Pelevin's Books

  • I see you've got a few Pelevin books on your shelf. How do you like him?
  • At some point I decided to read something of his, since everyone around me had already read him. Mass-market stuff, in a way.
  • Mass-market?
  • The first book was Empire V. And basically I changed my mind right away. Pelevin is really cool — in fiction form he smuggles in the problematic nature of consumerism.
  • You think that's why people read him?

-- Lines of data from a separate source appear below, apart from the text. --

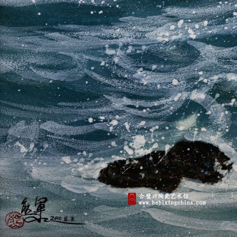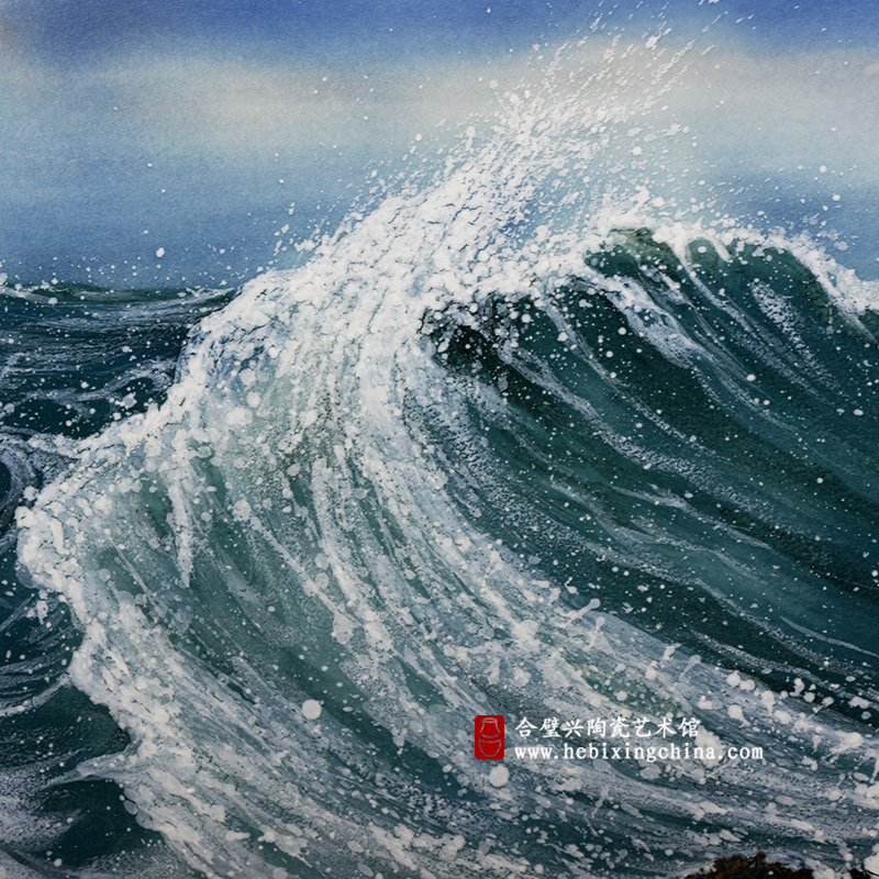 站在这件作品前总是能让人产生一种正在欣赏现代油画的错觉。伸出手去,下一秒,满手细致微凉的陶瓷触感,营造出一种非常奇妙的体验,让人一边震撼于自然的力量,一便叹服于陶瓷艺术的丰富表现力。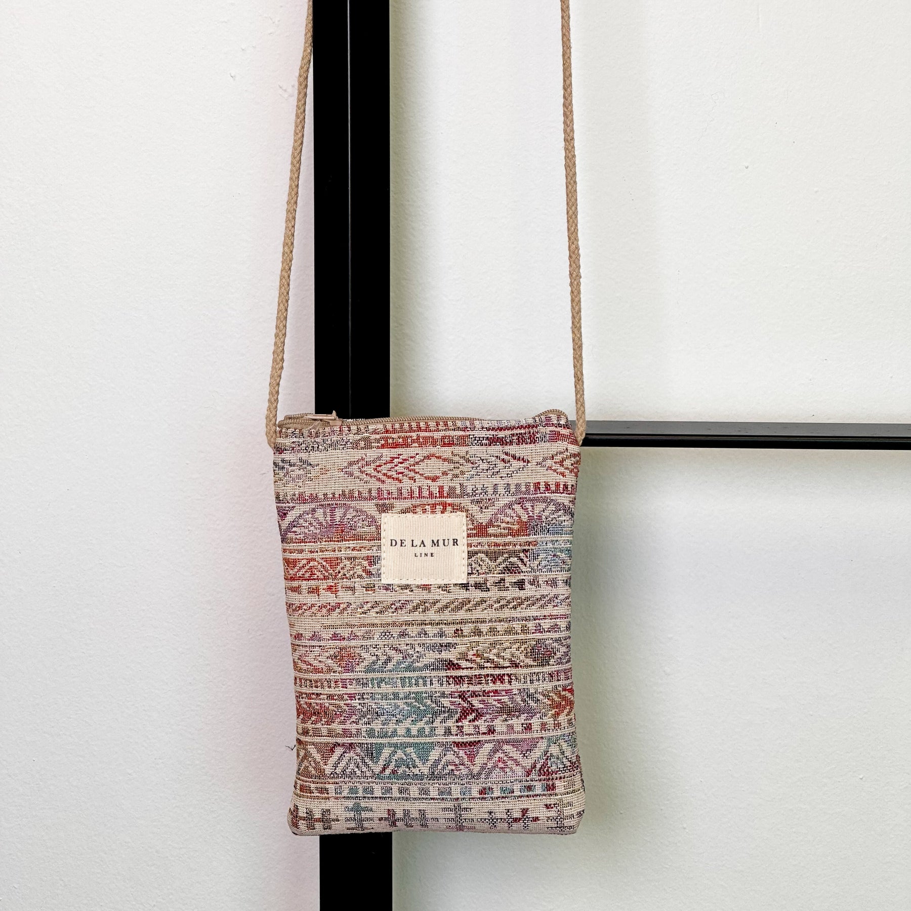 Bolsito porta móvil para llevar tipo bandolera, con cremallera en la parte superior y cordón largo de algodón de color beige. Con tejido con estampado étnico multicolor. Cada articulo puede tener una variación en el estampado, dependiendo de donde se haya efectuado el corte de la pieza. Forrado de tejido grueso de color gris en la parte interior. Para su correcto mantenimiento se aconseja lavarlo en frío a mano y no utilizar secadora.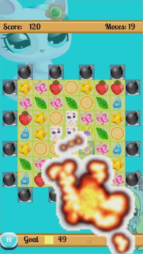Baby kitten match 3 adventure是一場有趣的成癮比賽3貓遊戲,每個級別都有不同的規則,有限的動作,有限的時間,帶有特殊的小貓炸彈在屏幕上吹一個洞,開始驚人的閃電風暴等等!!!
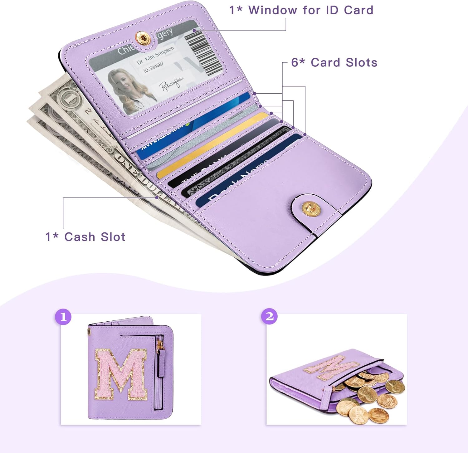 COSHAYSOO Initial Wallet RFID Small Bifold Slim Letter Wallet for Women Teenager Girls Travel Daily Necessities Credit Cards Money Cash Coin Organizer, Lavender, Compact, M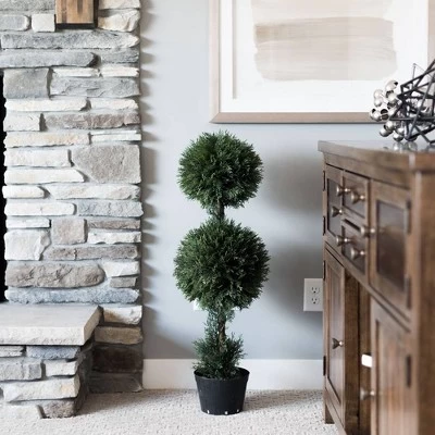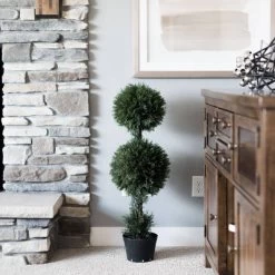 - Realistic Cedar Topiary Balls: This artificial plant features two realistic cedar topiary balls that will elevate the ambiance of your décor. Equipped with high-quality materials.
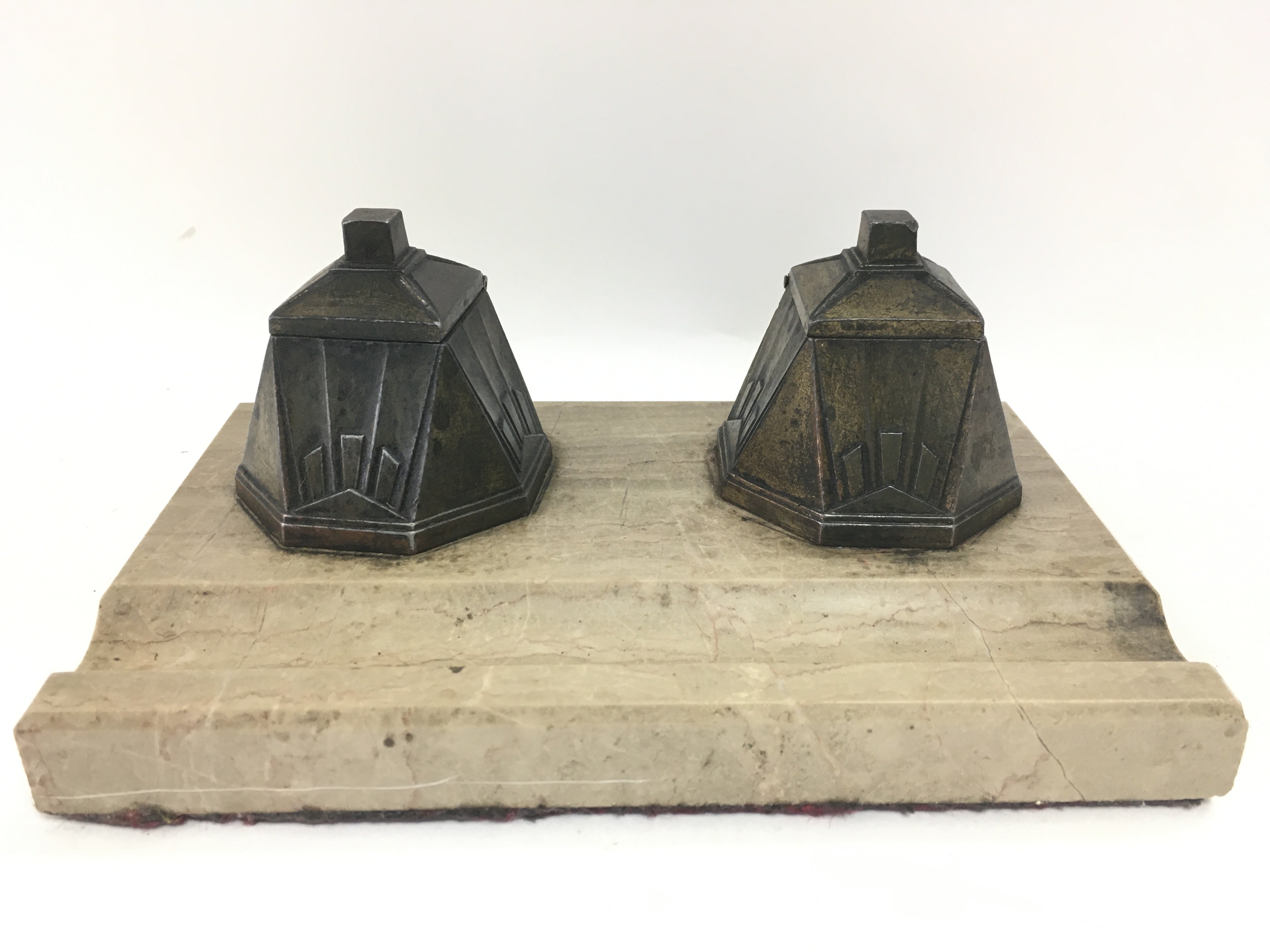 A 19th century desk piece with bronze pyramid shaped inkwells on a marble base

  • No. His language is light and clear; deconstruction, demolition — it's all like being a teenager, when an adolescent tears down the worldview built by his parents so he can later build his own on the ruins. That's why young people love this kind of thing.
  • Young rebels.
  • Yes, but Pelevin can be dangerous. The trouble with postmodernism is that it only demolishes, while the building is left to the reader, and that's hard; a person turns into a misanthrope, a cynic, loses faith. But it's not Pelevin's fault — he's a genius.

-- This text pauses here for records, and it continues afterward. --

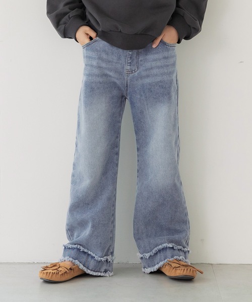 裾のダブルフリンジがポイントのデニムパンツ。ゆるっとしたシルエットで生地感も柔らかく、コーデアイテムを選ばない1本です。伸縮性:ウエストあり透け感:なし裏地:なしポケット:あり生地感:柔らかいデニム生地注意点:製品加工の特性上、裾のフリンジの風合いが1点毎に異なります。素材の特性上、色落ちしやすいのでご注意下さい。デザイン上、意図的に端を断ち切り状態にしています。お洗濯方法によっては縮みや色あせの可能性あり。乾燥機等のご使用はお控え下さい。▼生地や素材の性質により2cm前後サイズ誤差が出る場合がございます。▼モデル着用写真は撮影環境により、多少実際のカラーと異なる場合がございます。▼色落ちの恐れがありますので、他のものと分けて洗って下さい。▼当商品は機械による生産の過程上、『生地を織る際の糸の継ぎ目』や多少の『ほつれ』、繊維の『混紡』、形やサイズに多少の『誤差』が生じる場合がございます。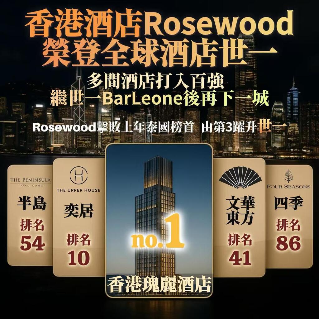 香港瑰麗酒店連升兩位摘桂2025年“世界50最佳酒店”(The World's 50 Best Hotels)榜單揭曉,香港瑰麗酒店(Rosewood Hong Kong)榮膺榜首,較2024年的第三名攀升兩位;去年排名第一的曼谷嘉佩樂酒店(Capella Bangkok)今年則位居第三。
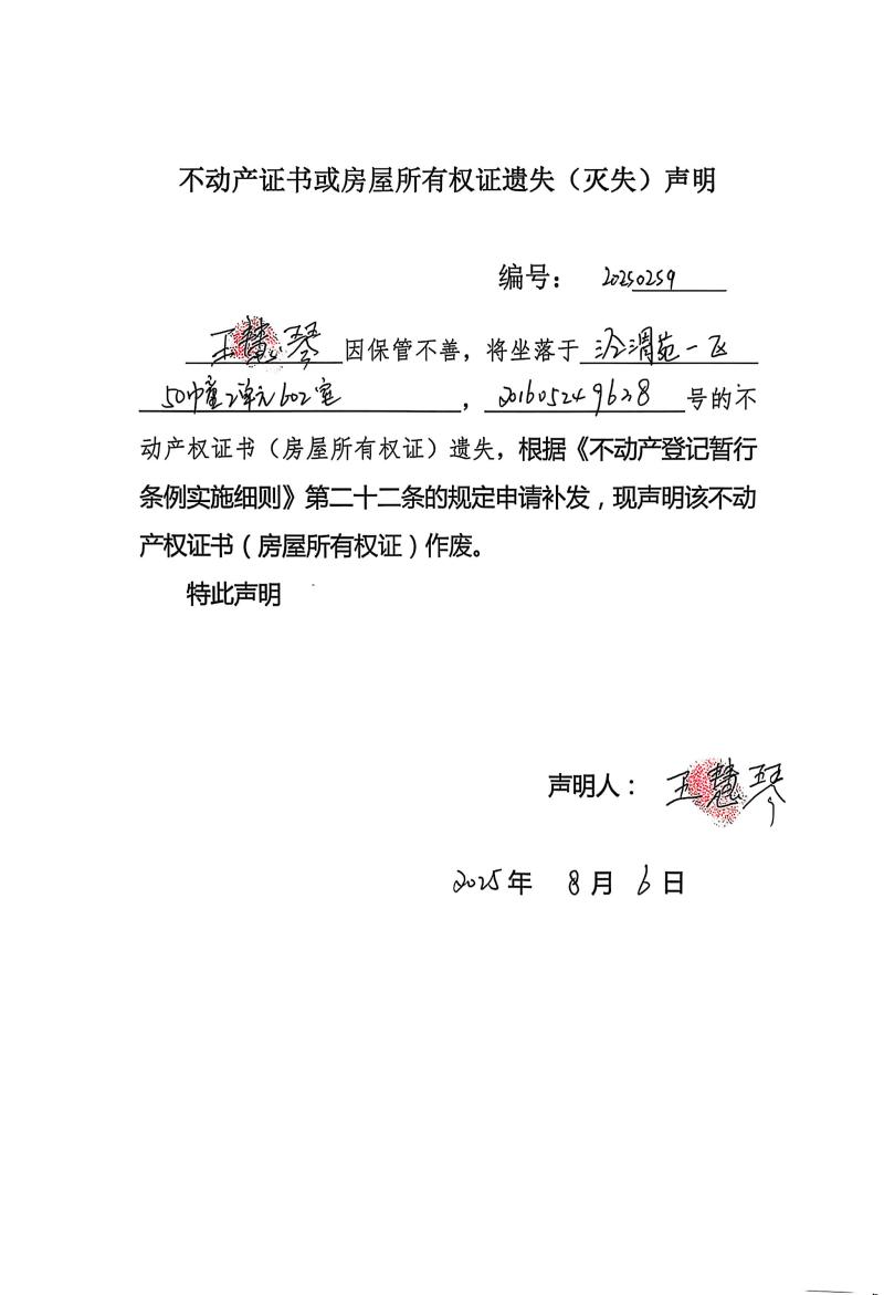 王慧琴不動產證書或房屋所有權證遺失(滅失)聲明,編號:20250259

  • And how do you rebuild yourself?
  • For that you at least need to know that rebuilding is necessary. Besides Pelevin there are plenty of relatively simple philosophers raising similar themes — Baudrillard, for instance. And if you've got the stamina, then Deleuze, Foucault.
  • Come on, are young people really going to read that?
  • The ones who read Pelevin will; the ones who don't, don't need to.